Prep: 20 mins | Cook: 10 mins | Difficulty: Medium | Serves: 6 |
kcal | fat | saturates | carbs |
217 | 5.1g | 0.8g | 27.1g |
sugars | fibre | protein | salt |
3.0g | 2.0g | 16.9g | 1.8g |
One of my favorite recipes that I love to prepare and share is the Lemongrass Shrimp and Glass Noodle Salad. Straight from the heart of New York’s diverse culinary scene, this is more than just a salad; it’s a beautiful blend of textures, colors, and, most importantly, flavors. Just like every performance on stage, this dish tells a story – in this case, the vibrant tale of a metropolis that always has something for everyone. Not to mention, you have the added bonus of it being a healthier option full of vegetables, lean protein, and refreshing herbs. And trust me – every forkful is as light, crisp, and refreshing as a cool breeze on a hot summer’s day in the city.

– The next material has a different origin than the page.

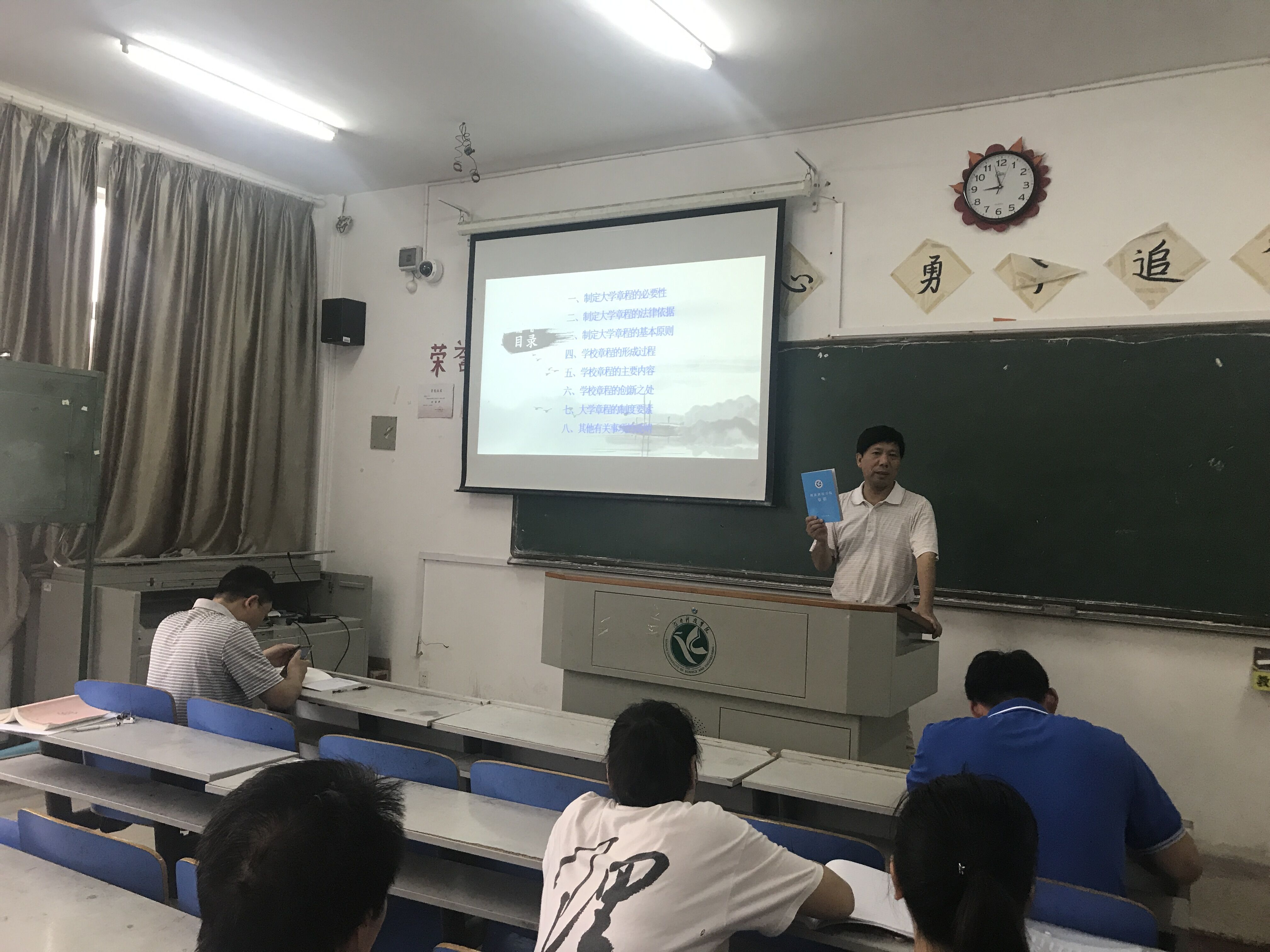 本网讯 5月22日下午,理学院全体教师于明理楼311学习《安博站官网登录入口_安博(中国)章程》,学习会邀请发展规划处处长潘剑锋解读章程内容。

Celebrating the Melting Pot of Flavors
The Lemongrass Shrimp and Glass Noodle Salad is not merely lip-smacking but a nod to the flavorful mosaic that makes New York a food lover’s paradise. You have the succulent shrimp, reminiscent of the city’s bountiful seafood markets. Then there’s the aromatic touch of lemongrass, minuted garlic, and zesty lime juice – all embodying the multilayered, eclectic character of NYC’s culinary scene.
Uncompromising on Health
This dish also comes packed with health benefits and is perfect for those who prefer lighter, more balanced meals. Shrimp, an excellent source of lean protein, helps keep you satisfied and supports overall wellness. The colorful blend of veggies – cucumber, carrots, and bell pepper – ensures you’re packing in a range of nutrients and antioxidants. Plus, the inclusion of fresh herbs like mint and cilantro promote digestion and bring in a refreshing aftertaste that adds to the salad’s overall allure. You might also be interested to know that glass noodles are gluten-free, making this dish a fit for those with dietary restrictions as well.

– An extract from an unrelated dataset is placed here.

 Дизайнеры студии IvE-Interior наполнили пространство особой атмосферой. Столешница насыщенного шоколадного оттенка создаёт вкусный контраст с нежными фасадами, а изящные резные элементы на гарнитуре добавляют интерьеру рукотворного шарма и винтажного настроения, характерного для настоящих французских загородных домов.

On a personal note, preparing this dish always brings me great joy, akin to the thrill of being on stage amidst the bright lights and the applause. As the ingredients blend and the flavors combine, it’s like directing a performance wherein every element works together to create a beautiful experience – in this case, a delightful gastronomic one.

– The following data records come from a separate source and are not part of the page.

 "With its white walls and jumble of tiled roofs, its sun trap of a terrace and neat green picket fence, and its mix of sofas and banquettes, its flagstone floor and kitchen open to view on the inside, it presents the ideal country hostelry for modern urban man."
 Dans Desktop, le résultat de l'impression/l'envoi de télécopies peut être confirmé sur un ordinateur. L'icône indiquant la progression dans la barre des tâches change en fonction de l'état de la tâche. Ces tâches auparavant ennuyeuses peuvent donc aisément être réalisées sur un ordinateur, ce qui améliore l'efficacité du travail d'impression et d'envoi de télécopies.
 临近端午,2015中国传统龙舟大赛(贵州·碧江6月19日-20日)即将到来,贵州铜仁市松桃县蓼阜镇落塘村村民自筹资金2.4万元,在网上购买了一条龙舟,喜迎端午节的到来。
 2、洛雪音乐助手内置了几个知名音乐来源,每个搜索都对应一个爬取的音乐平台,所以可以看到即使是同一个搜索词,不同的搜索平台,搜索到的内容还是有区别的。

If you’re a fan of Asian-inspired salads, this one’s for you. Simple yet sophisticated, light yet satisfying – it’s perfect on a warm summer day, or as a flavorful side to spring rolls or pho soup. So, the next time you’re in the mood for something tangy, wholesome, and refreshingly different, give the Lemongrass Shrimp and Glass Noodle Salad a try. You’ll thank yourself (and me) later!
What You’ll Need
- 12 large shrimp, peeled and deveined
- 2 stalks lemongrass, finely chopped
- 4 cloves garlic, minced
- 2 tablespoons fish sauce
- 1 tablespoon sugar
- 1/4 cup lime juice
- 1 tablespoon vegetable oil
- 4 ounces glass noodles
- 1 cucumber, thinly sliced
- 2 carrots, julienned
- 1 red bell pepper, thinly sliced
- 1 cup fresh mint leaves
- 1 cup fresh cilantro leaves
- 1/4 cup chopped peanuts
- 1/4 cup thinly sliced red onion
Method
Step One
Start by marinating your shrimp. Combine the shrimp, lemongrass, garlic, fish sauce, sugar, and 2 tablespoons of the lime juice in a bowl. Stir until the shrimp are evenly coated. Let this marinate in the refrigerator for at least 30 minutes.
Step Two
While your shrimp is marinating, you can prepare the glass noodles. Bring a pot of water to a boil and then remove it from the heat. Add the glass noodles and let them soak until they are tender but still have some bite, about 10 minutes. Drain the noodles and rinse them with cold water, then set them aside.
Step Three
Next, prepare your vegetables. Thinly slice the cucumber, julienned the carrots, thinly slice the red bell pepper and the red onion. You’ll also want to pick the leaves off of your mint and cilantro.
Step Four
Now it’s time to cook the shrimp. Heat the vegetable oil in a large non-stick pan over medium-high heat. Add the shrimp and all the marinade and cook until the shrimp are pink and cooked through, about 2 to 3 minutes per side. Remove the shrimp from the pan and let them cool slightly.
Step Five
In a large salad bowl, combine the cooked glass noodles, shrimp, prepared vegetables, mint, and cilantro. Drizzle the remaining 2 tablespoons of lime juice over top. Toss everything together until well-mixed.
Step Six
Just before serving, sprinkle the chopped peanuts over the top of the salad. This will add a nice crunch and extra flavor.